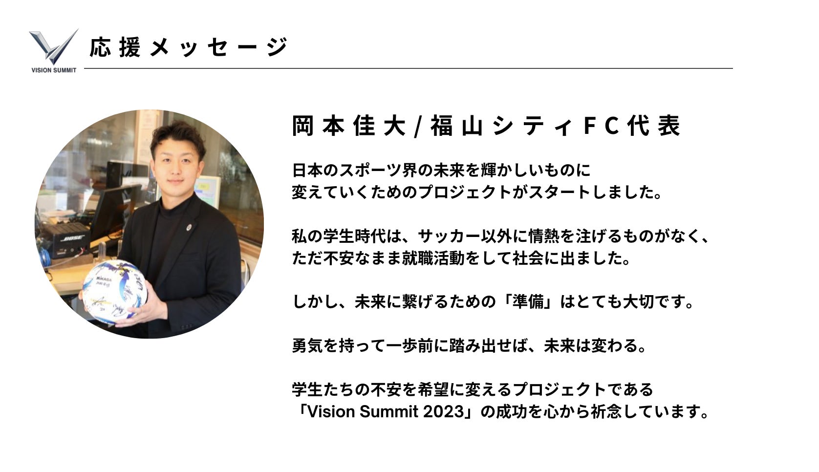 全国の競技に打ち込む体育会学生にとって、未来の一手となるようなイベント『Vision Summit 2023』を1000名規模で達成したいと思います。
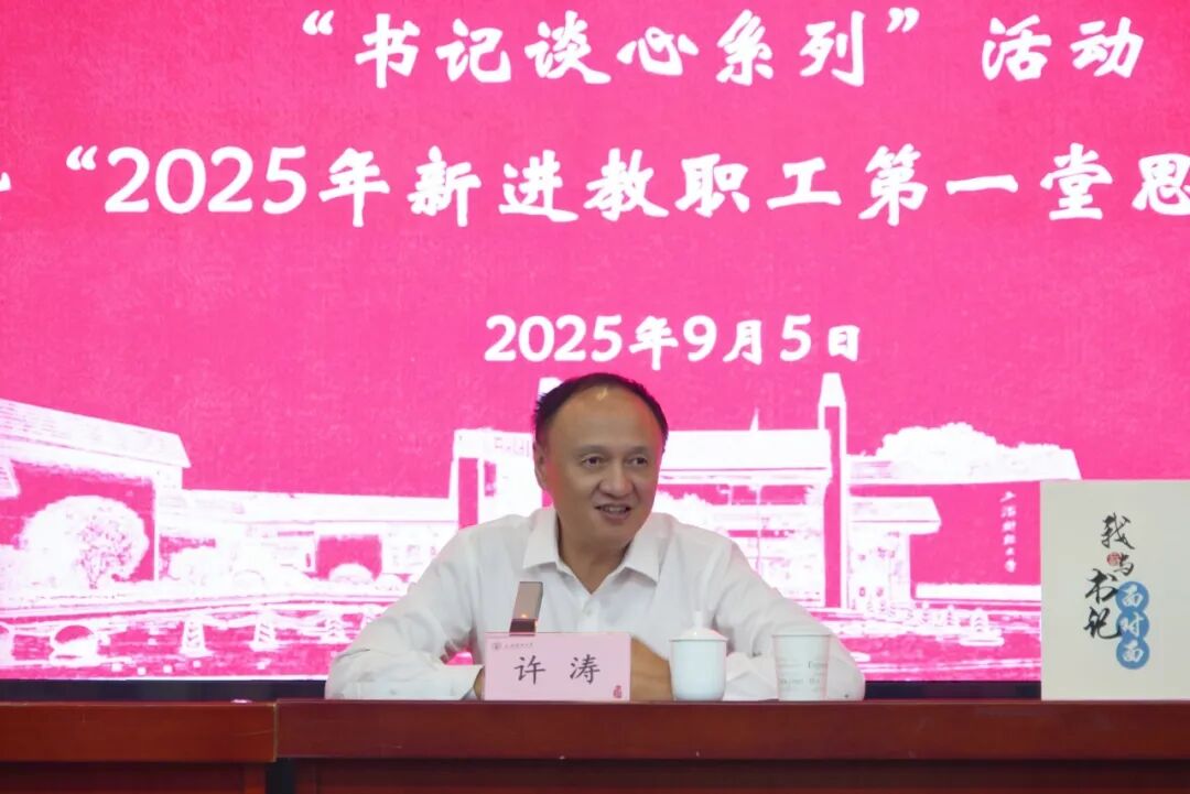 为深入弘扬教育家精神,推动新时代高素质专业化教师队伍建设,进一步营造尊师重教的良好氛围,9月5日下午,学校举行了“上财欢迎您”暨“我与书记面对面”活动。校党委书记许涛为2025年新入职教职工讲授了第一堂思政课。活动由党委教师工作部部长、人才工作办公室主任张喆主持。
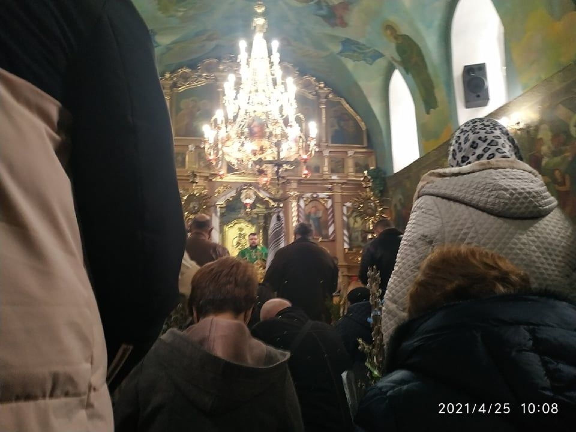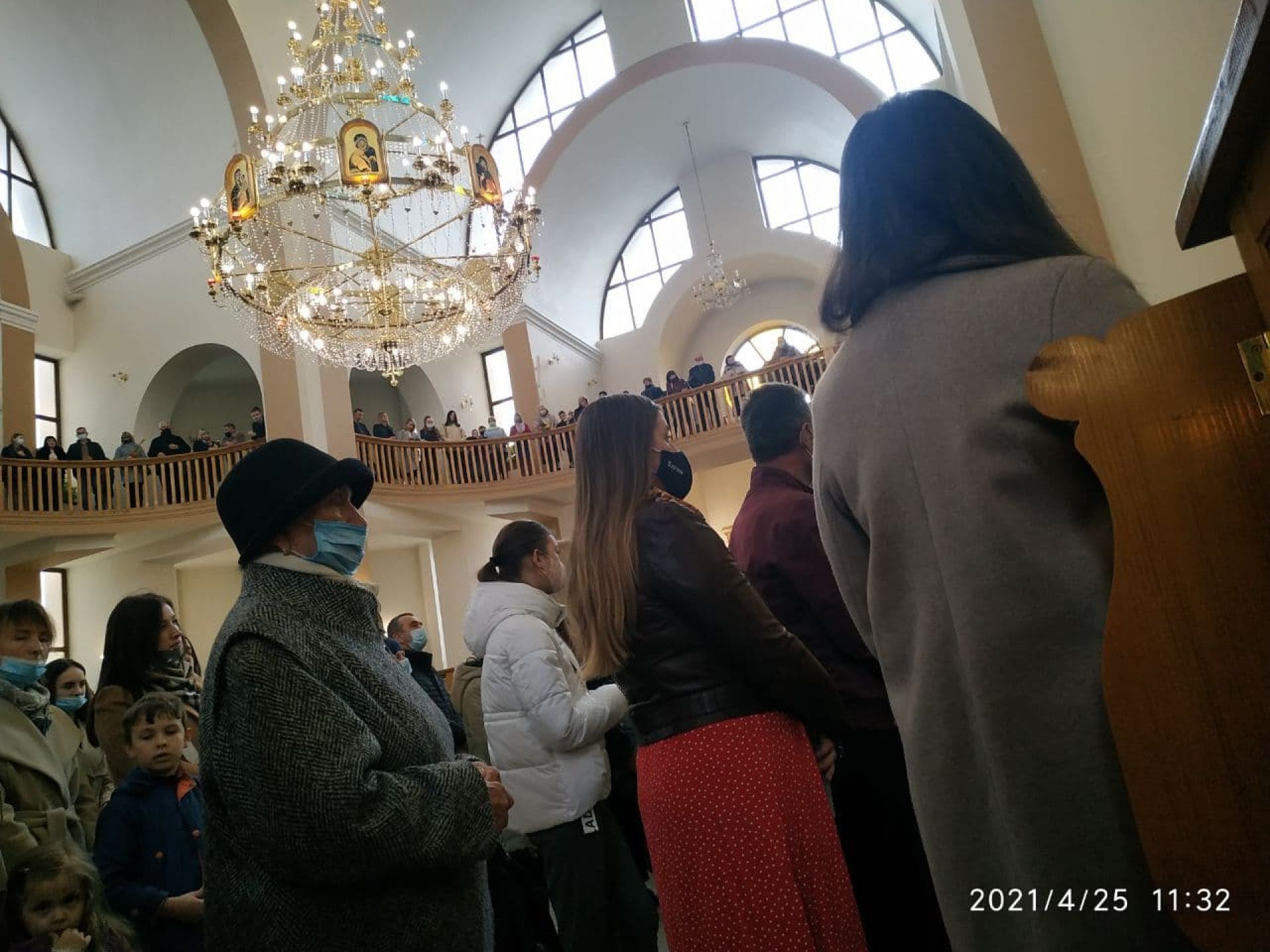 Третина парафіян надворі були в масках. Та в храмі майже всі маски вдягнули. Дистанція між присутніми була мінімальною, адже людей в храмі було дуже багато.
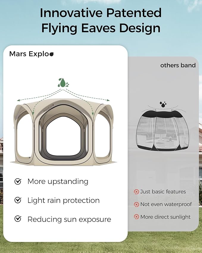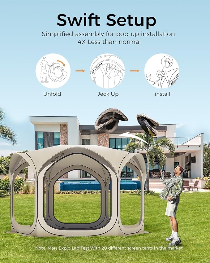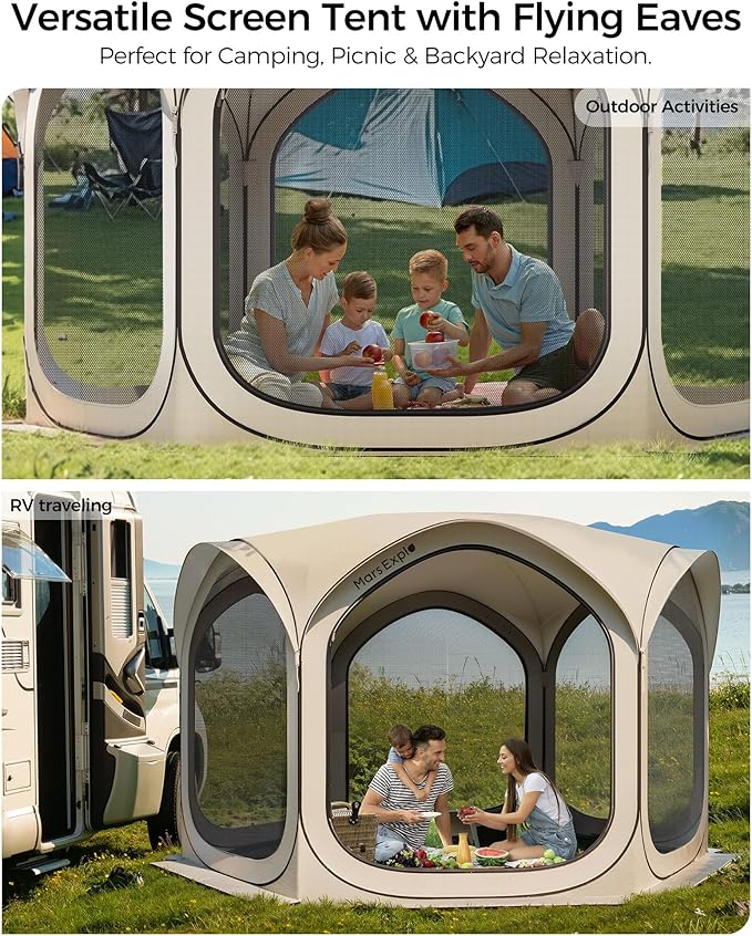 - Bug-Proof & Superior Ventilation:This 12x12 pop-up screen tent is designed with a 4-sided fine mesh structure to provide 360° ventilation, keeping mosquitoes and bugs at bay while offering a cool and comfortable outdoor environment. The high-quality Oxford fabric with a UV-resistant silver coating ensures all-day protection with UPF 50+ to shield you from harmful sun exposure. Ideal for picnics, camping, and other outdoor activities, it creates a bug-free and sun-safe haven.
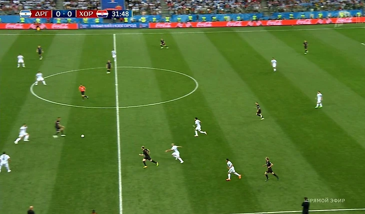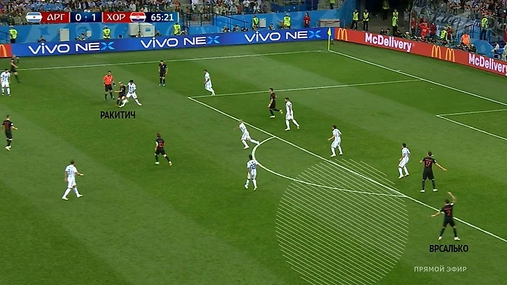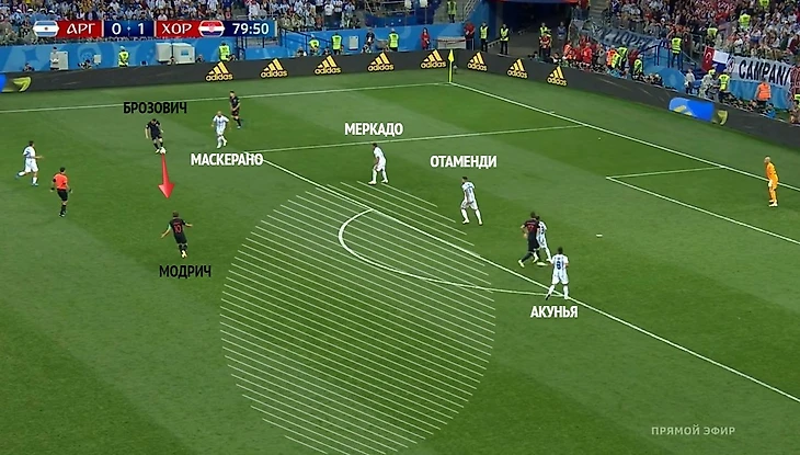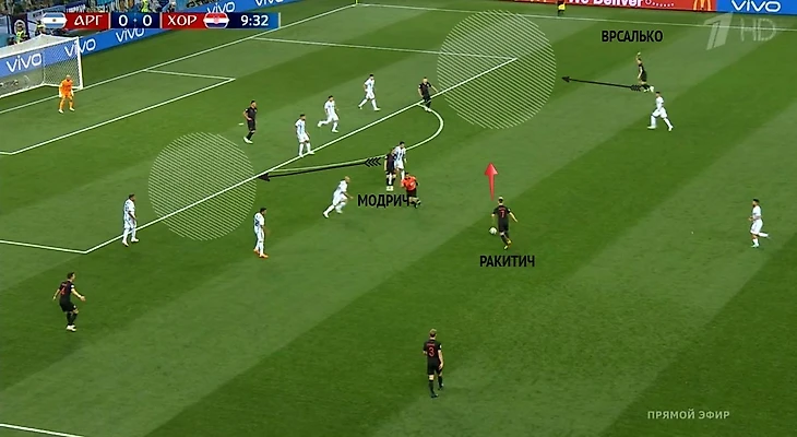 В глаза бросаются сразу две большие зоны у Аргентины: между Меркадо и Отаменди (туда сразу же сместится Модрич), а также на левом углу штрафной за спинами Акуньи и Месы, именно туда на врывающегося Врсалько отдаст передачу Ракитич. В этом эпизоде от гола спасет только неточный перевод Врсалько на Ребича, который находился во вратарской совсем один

WHAT YOU WILL DO
Retype the records above exactly, pictures omitted.

WORKED SOLUTION
 全国の競技に打ち込む体育会学生にとって、未来の一手となるようなイベント『Vision Summit 2023』を1000名規模で達成したいと思います。
 为深入弘扬教育家精神,推动新时代高素质专业化教师队伍建设,进一步营造尊师重教的良好氛围,9月5日下午,学校举行了“上财欢迎您”暨“我与书记面对面”活动。校党委书记许涛为2025年新入职教职工讲授了第一堂思政课。活动由党委教师工作部部长、人才工作办公室主任张喆主持。
 Третина парафіян надворі були в масках. Та в храмі майже всі маски вдягнули. Дистанція між присутніми була мінімальною, адже людей в храмі було дуже багато.
 - Bug-Proof & Superior Ventilation:This 12x12 pop-up screen tent is designed with a 4-sided fine mesh structure to provide 360° ventilation, keeping mosquitoes and bugs at bay while offering a cool and comfortable outdoor environment. The high-quality Oxford fabric with a UV-resistant silver coating ensures all-day protection with UPF 50+ to shield you from harmful sun exposure. Ideal for picnics, camping, and other outdoor activities, it creates a bug-free and sun-safe haven.
 В глаза бросаются сразу две большие зоны у Аргентины: между Меркадо и Отаменди (туда сразу же сместится Модрич), а также на левом углу штрафной за спинами Акуньи и Месы, именно туда на врывающегося Врсалько отдаст передачу Ракитич. В этом эпизоде от гола спасет только неточный перевод Врсалько на Ребича, который находился во вратарской совсем один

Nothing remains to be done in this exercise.